Her greatest regret was that she'd never gone to see that baby--that was what she told him, last thing, there in the hospital bed. Greatest regret, as if there'd been a whole host of others a husband couldn't be told about. And now there were two babies, a boy and a girl, Garnett believed. Ellen never even knew about the second one. Garnett had come so close to asking the Widener girl about them, the other day when he went over there. He'd stood right there on that porch and had it in him to do it, the words in his mouth, but then he'd turned uncertain. Who was this gal with her goats, anyhow? She was nice enough for a city person, surprisingly nice, but how in tarnation had she wound up here in a man's long-tailed shirt in the middle of a field of thistles and nanny goats? Garnett had asked several polite questions but never had been able to work out exactly what business she had running that farm by herself. It was still the old family homeplace, but the people in it seemed to have shifted. Were those two children even still around? What if they and the mother had moved to Knoxville like everybody and his dog seemed to be doing these days? What if Garnett had been sitting twiddling his thumbs and in the meantime lost his chance to find out about those kids? People were just piling up their belongings and racing for Knoxville like it was the California gold rush, since day one after they put in that Toyota plant over there. Pretty soon there'd be no one left in this county but old folks waiting to die.
The hall window upstairs gave a good view of the side orchard and Nannie's backyard, and a little later on toward evening he was able to spot her from there, working in her garden. She was picking her tomatoes. She had more tomatoes than you could shake a stick at and sold them for a scandalous price at the Amish market. He squinted through the wavy, ancient glass of this window.

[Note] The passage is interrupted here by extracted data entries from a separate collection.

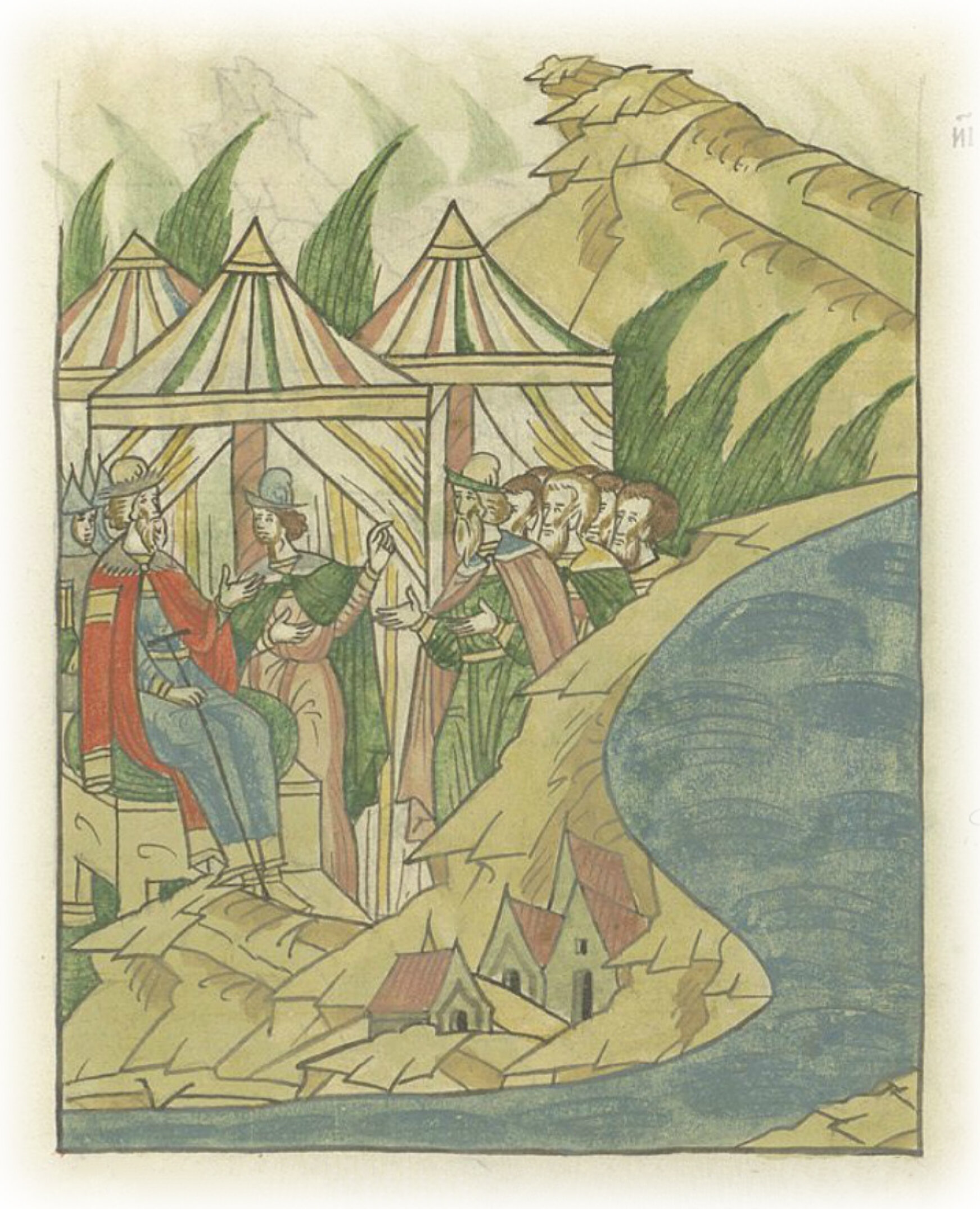 А князь Василий Феодорович Шуйский, воевода псковский, с посадниками прочими и с лучшими людьми после своих послов пришел к великому князю туда же на устье Шелоны.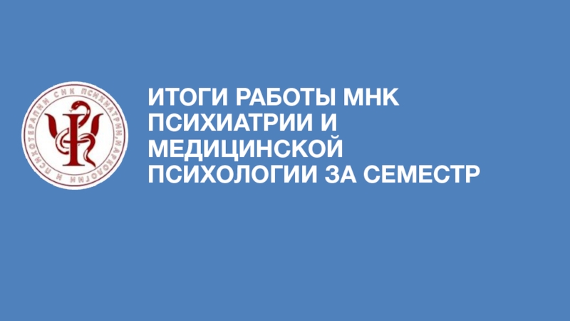 Слайд 99ИТОГИ РАБОТЫ МНК ПСИХИАТРИИ И МЕДИЦИНСКОЙ ПСИХОЛОГИИ ЗА СЕМЕСТР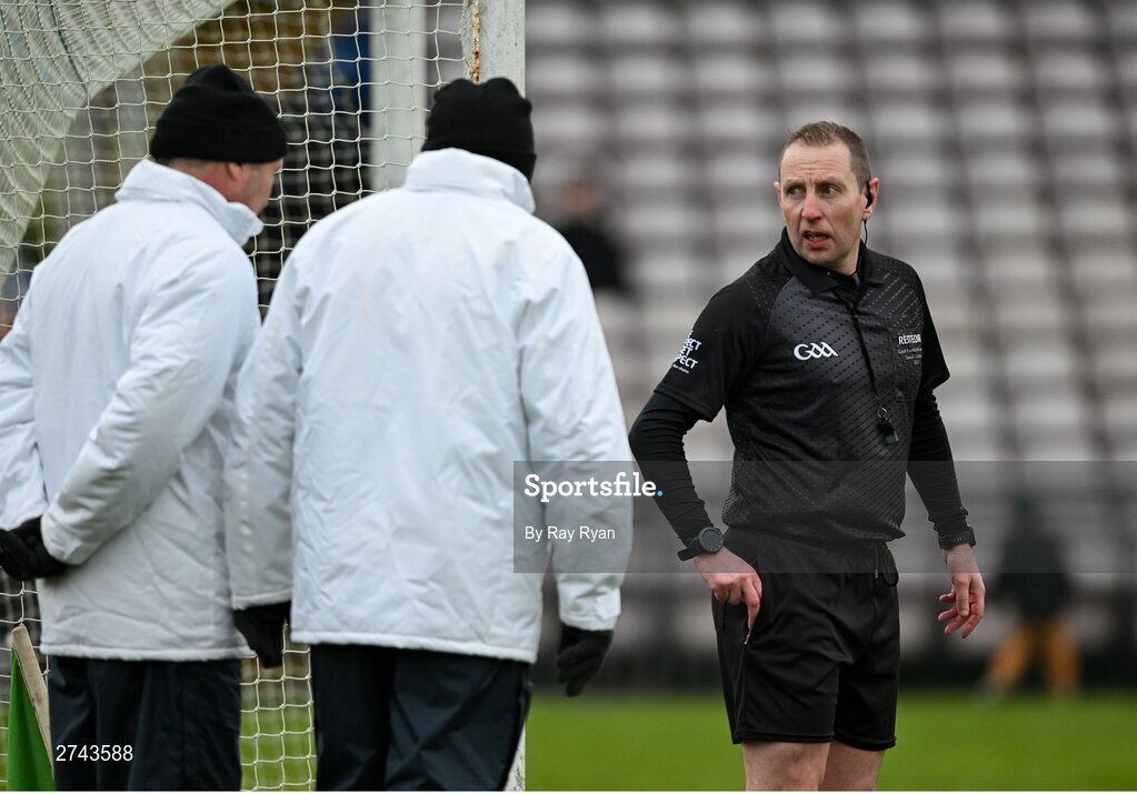25 February 2024; Referee Derek O'Mahoney consults his umpires as he awarded Derry a penalty during the Allianz Football League Division 1 match between Galway and Derry at Pearse Stadium in Galway. Photo by Ray Ryan/Sportsfile

Well. There was somebody out there with her! That blue and white blotch at the edge of her garden was, now that he looked at it, a man in a hat leaning on the fence. It wasn't the Forest Service boy, it was somebody else, a heavier-set kind of fellow that Garnett didn't recognize as a neighbor. Could it be one of the pickers, arrived too early? Who else on earth could it be? Clivus Morton had been coming around lately to work on hammering up the new shingles for her, and even Oda Black's boy what's-his-name had come by once to visit her, for reasons unknown to Garnett. So! Was Nannie Rawley suddenly attracting men of all ages, from miles around? A seventy-five-year-old woman puts on a pair of short pants, and the fellows come swarming around her like bees to a flower, was that it? (Although Clivus Morton was no honeybee. Garnett had known honeydippers who smelled better, even after they'd pumped out your septic tank.) Was this Clivus? He squinted. Darn this window, he swore mildly, it was as hazy as his eyes. Dirty, too. He hadn't cleaned it since--well, he'd never cleaned it, period.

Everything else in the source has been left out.